Saturday, January 28, 2012

Barossa Tastings, Day 2

Today, I wanted to taste from some of the small and relatively new wineries.

Kalleske is not really new and not so small anymore, but it is still very much a family operation. I always have high expectations when I taste their wines because of the exceptional fruit quality and their rich, yet not overripe style.This tasting was slightly disappointing in relation to the high end wines. The 2010 Tempranillo was interesting. It was quite savoury and had grip on the back palate - not your standard innocent Tempranillo (91 points). Equally, the 2010 Moppa Shiraz was attractive. It is the higher volume Estate Shiraz and includes some younger vines. The fruit was not overly concentrated, but the wine well balanced, with some good acidity to finish (92 points). The 2010 Greenock Shiraz showed the usual black colour, but I expected more from this vintage. There was simply nothing special about this wine (92 points).The 2009 Eduard Shiraz, from a special block which used to go into Grange, showed much more fruit concentration and depth, but the meaty, fat flavours were a bit undifferentiated (92 points).

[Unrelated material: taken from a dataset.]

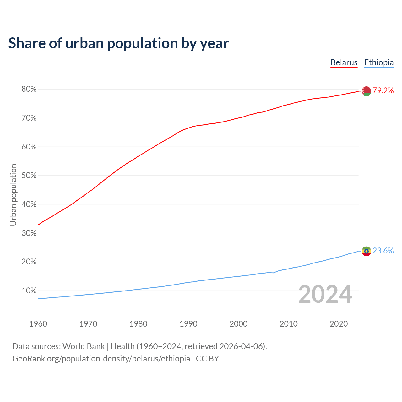 From 2004 to 2024, the share of urban population changed from 71.8% to 79.2% in Belarus and from 15.8% to 23.6% in Ethiopia.

Murray Street Vineyard is relatively nearby, with an attractive cellar door and a quickly expanding range of wines. The higher end Shiraz wines express the terroir of their single vineyard origins. The 2008 Gomersal Shiraz is made from grapes grown on clay and is treated in American oak. It attacks the mouth with big fruit and vanilla flavours, but lacks in the follow through (90 points). The 2008 Greenock Shiraz is grown on sandy soil. It has lifted blackberry flavours, is concentrated, but finishes elegantly with soft and silky tannins (93 points). The 2008 Benno is a 50/50 Shiraz/Mataro. It shows red fruit and some confectionery flavours. It is a softer wine, nice to drink (92 points). The 2008 Sophia is from a special block of the Gomersal vineyard. It is purple in colour, quite concentrated, with an attractive fruit and spice mix (93 points). Overall, this was an impressive line-up.

My third stop was at the show room of the Artisans of the Barossa, a lose alignment of a number of newer and serious wineries who have not yet invested in their own cellar door.

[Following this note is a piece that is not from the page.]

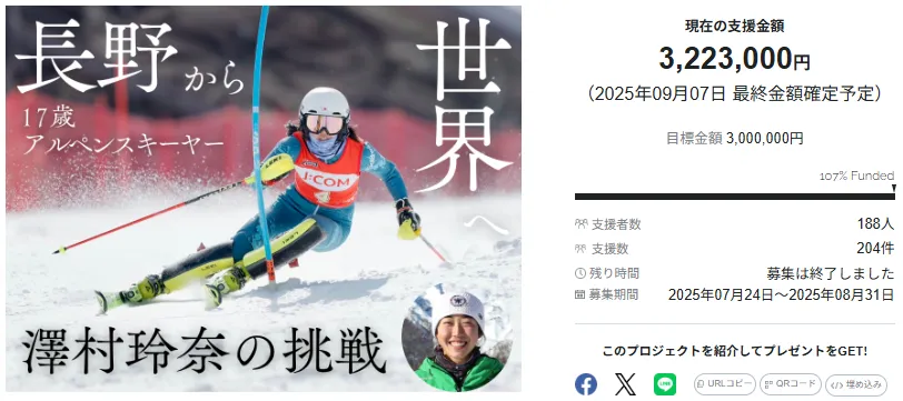 17歳のアルペンスキーヤー、澤村玲奈選手がクラウドファンディングプロジェクト「長野から世界へ17歳アルペンスキーヤー澤村玲奈の挑戦!」を成功裏に終え、目標の300万円を超える支援金を集めました。支援金は最終的に3,223,000円に達し、海外での遠征費用に充てられる予定です。

I started with three GSM wines. The 2009 Massena Moonlight Run was the weakest . It was a bit sweet and not very harmonious (88 points). The 2009 John Duval Plexus was terrific. Crimson in colour, with spice balancing the complex fruit flavours. It had length and very polished tannins (93 points). I preferred it to the 2008 Spinifex Indigene. This wine was darker and had the expected freshness, but I found the wine less balanced and a little rough (91 points). I later heard that John Duval thought this was his best Plexus so far.

The Shirazes were from the 2009 vintage. The Schwarz Nitschke Block from Bethany showed upfront plummy fruit, but lacked structure (86 points). The John Duval Entity, which includes 18% fruit from Eden Valley, was a great wine. It showed typical plum and blackberry flavour, some spice and mocca. The wine had grip, rather than fat, and a lengthy finish (94 points).

Then there were three wines from Hobbs. His vineyard is right next to Chris Ringland, and he tries to produce a similar big style wine and market off his reputation, I think. As a result, the 2009 Shiraz/Viognier is very big and a bit hot and alcoholic (90 points). The 2009 Shiraz was much better. A big wine, but elegant , and a wine which could be drunk now or in 20 years, although the finish was a little undefined (94 points). The 2009 Gregor is a Shiraz made in the Amarone style, quite dry with strong tannins (92 points). I rated these wines in an absolute sense, but at $100+ per bottle, they are too expensive.

Overall, I was most impressed with the John Duval wines. They demonstrate a clear departure from his Grange days, with an emphasis on length and structure, not so much on fruit weight. These are wines which will cellar well and are good food wines as well as drinks in their own right.